▸ **Materials provided**
● ● ● ● ●

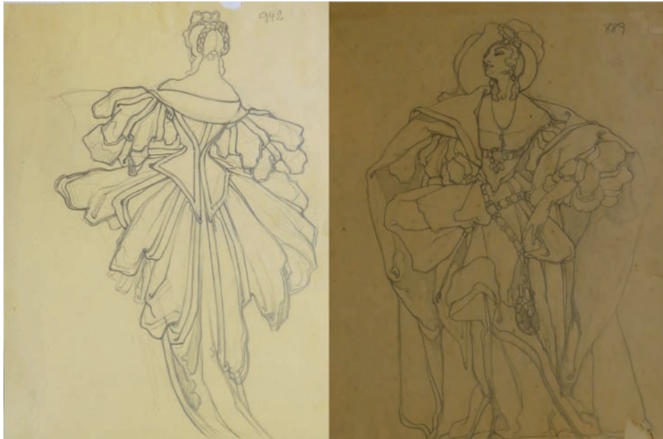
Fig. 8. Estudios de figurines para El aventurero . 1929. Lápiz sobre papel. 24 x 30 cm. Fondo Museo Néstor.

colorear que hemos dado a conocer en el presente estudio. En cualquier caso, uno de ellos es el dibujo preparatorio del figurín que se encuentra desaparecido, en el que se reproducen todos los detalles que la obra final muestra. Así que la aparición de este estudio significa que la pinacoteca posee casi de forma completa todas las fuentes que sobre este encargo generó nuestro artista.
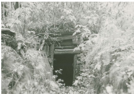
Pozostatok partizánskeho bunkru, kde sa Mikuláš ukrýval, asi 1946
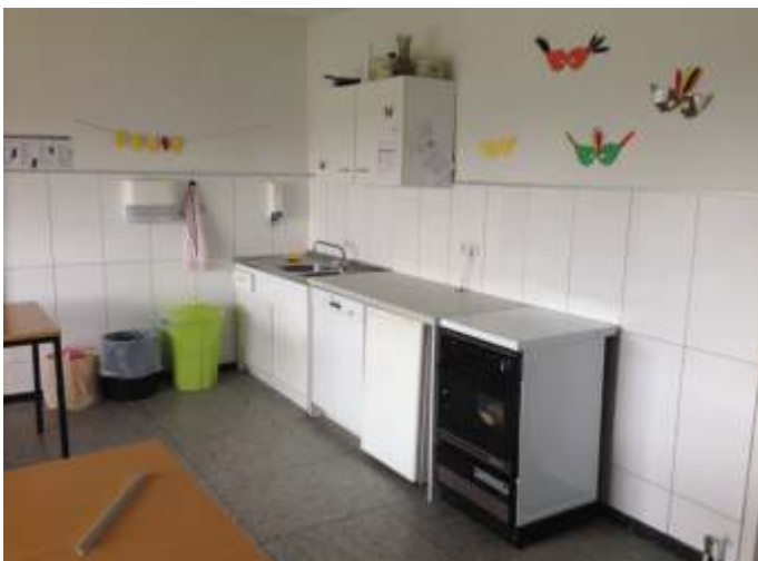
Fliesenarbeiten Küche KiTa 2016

● ● ● ● ●

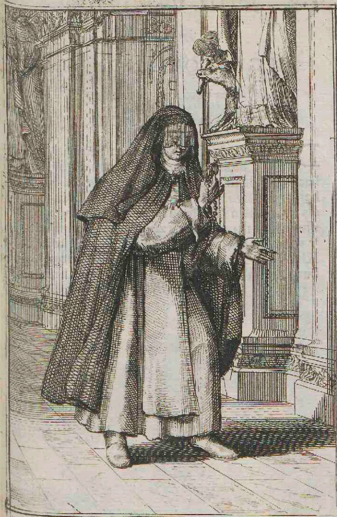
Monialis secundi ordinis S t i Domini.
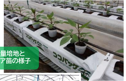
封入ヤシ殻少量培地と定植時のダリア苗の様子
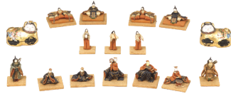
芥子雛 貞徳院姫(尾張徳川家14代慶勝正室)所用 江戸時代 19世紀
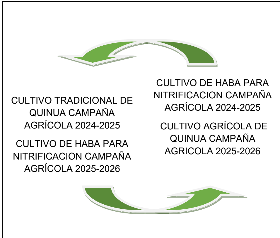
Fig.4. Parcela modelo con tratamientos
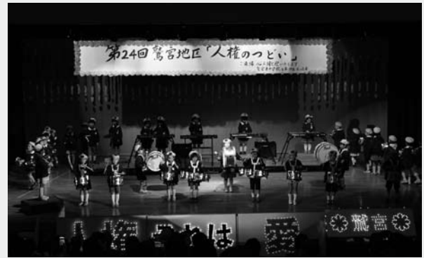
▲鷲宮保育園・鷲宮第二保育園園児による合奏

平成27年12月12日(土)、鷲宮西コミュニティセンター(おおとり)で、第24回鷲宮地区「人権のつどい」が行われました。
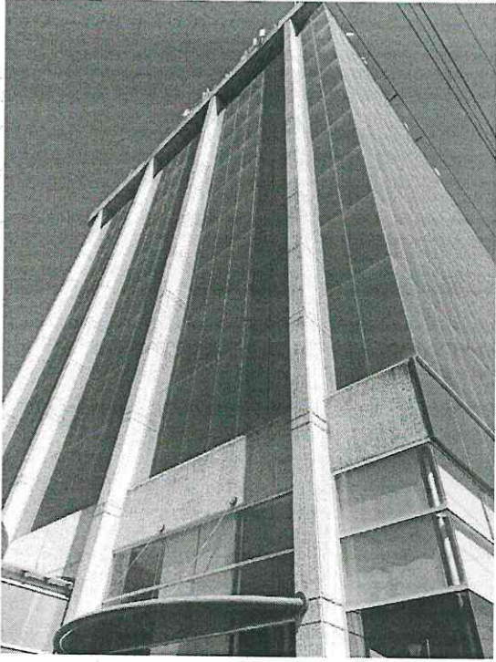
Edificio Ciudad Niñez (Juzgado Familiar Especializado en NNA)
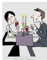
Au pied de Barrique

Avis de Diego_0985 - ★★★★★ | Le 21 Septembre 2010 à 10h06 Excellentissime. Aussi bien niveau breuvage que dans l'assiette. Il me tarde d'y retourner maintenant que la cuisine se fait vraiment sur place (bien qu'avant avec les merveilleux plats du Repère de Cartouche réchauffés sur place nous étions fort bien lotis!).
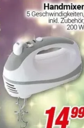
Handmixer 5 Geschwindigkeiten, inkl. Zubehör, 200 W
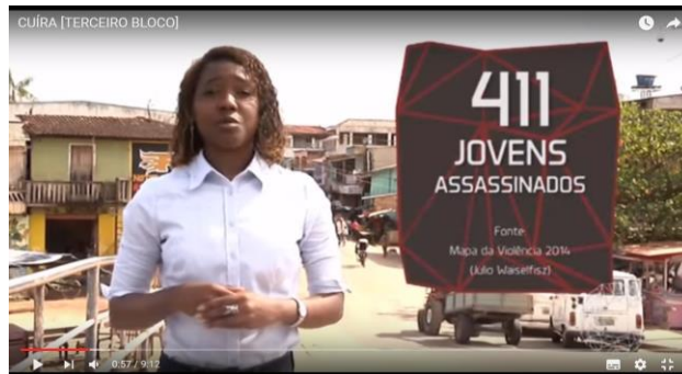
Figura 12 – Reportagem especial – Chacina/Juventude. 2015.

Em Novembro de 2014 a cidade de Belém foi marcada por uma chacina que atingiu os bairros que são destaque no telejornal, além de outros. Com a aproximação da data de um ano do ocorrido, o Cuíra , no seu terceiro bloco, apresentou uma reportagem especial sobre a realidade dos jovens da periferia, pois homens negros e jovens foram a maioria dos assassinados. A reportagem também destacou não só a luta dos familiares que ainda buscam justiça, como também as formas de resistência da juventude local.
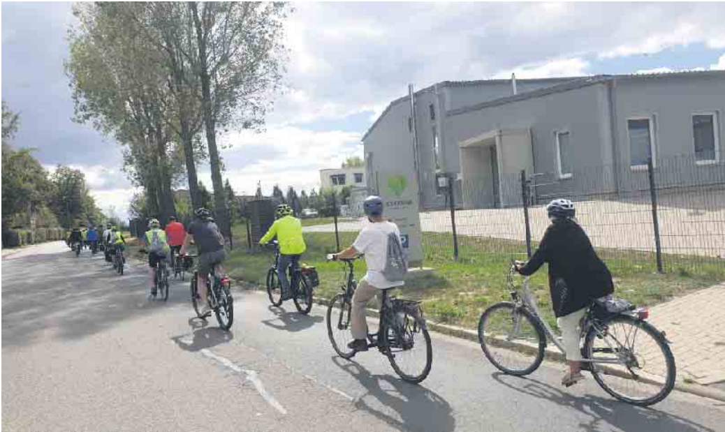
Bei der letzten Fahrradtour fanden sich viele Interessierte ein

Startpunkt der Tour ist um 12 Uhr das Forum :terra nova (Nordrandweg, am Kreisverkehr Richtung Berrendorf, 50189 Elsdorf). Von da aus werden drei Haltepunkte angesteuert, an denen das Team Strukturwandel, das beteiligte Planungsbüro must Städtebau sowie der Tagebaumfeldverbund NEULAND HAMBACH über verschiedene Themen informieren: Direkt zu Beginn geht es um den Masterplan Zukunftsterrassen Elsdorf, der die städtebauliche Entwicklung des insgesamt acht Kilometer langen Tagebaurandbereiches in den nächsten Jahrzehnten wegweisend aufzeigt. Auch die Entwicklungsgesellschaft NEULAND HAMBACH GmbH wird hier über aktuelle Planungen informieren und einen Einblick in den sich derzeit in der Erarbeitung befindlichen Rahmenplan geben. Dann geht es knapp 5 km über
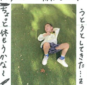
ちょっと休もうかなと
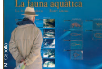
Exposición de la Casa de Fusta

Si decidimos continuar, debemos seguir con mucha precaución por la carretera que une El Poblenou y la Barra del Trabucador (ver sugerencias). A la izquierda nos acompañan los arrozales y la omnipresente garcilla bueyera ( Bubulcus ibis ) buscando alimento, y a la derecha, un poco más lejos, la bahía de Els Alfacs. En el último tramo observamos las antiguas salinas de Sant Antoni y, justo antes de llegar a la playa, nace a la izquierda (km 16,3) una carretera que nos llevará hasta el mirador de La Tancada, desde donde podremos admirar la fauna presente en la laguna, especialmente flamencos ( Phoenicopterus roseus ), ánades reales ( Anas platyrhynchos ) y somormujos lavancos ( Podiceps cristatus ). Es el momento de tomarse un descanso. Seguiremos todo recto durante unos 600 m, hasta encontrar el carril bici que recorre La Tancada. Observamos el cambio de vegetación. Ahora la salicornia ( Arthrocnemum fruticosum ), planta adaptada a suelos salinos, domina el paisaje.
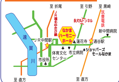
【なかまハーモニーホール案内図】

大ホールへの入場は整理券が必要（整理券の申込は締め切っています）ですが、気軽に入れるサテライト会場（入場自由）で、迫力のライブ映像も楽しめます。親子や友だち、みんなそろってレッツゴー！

● ● ● ● ●

A verbatim reproduction is expected: starting at the line above that has "Fig. 8. Estudios", ending at the line that has "Fliesenarbeiten Küche KiTa 2016", both included, and with no pictures and no other lines.

▸ **Exercise result**
Fig. 8. Estudios de figurines para El aventurero . 1929. Lápiz sobre papel. 24 x 30 cm. Fondo Museo Néstor.

colorear que hemos dado a conocer en el presente estudio. En cualquier caso, uno de ellos es el dibujo preparatorio del figurín que se encuentra desaparecido, en el que se reproducen todos los detalles que la obra final muestra. Así que la aparición de este estudio significa que la pinacoteca posee casi de forma completa todas las fuentes que sobre este encargo generó nuestro artista.
Pozostatok partizánskeho bunkru, kde sa Mikuláš ukrýval, asi 1946
Fliesenarbeiten Küche KiTa 2016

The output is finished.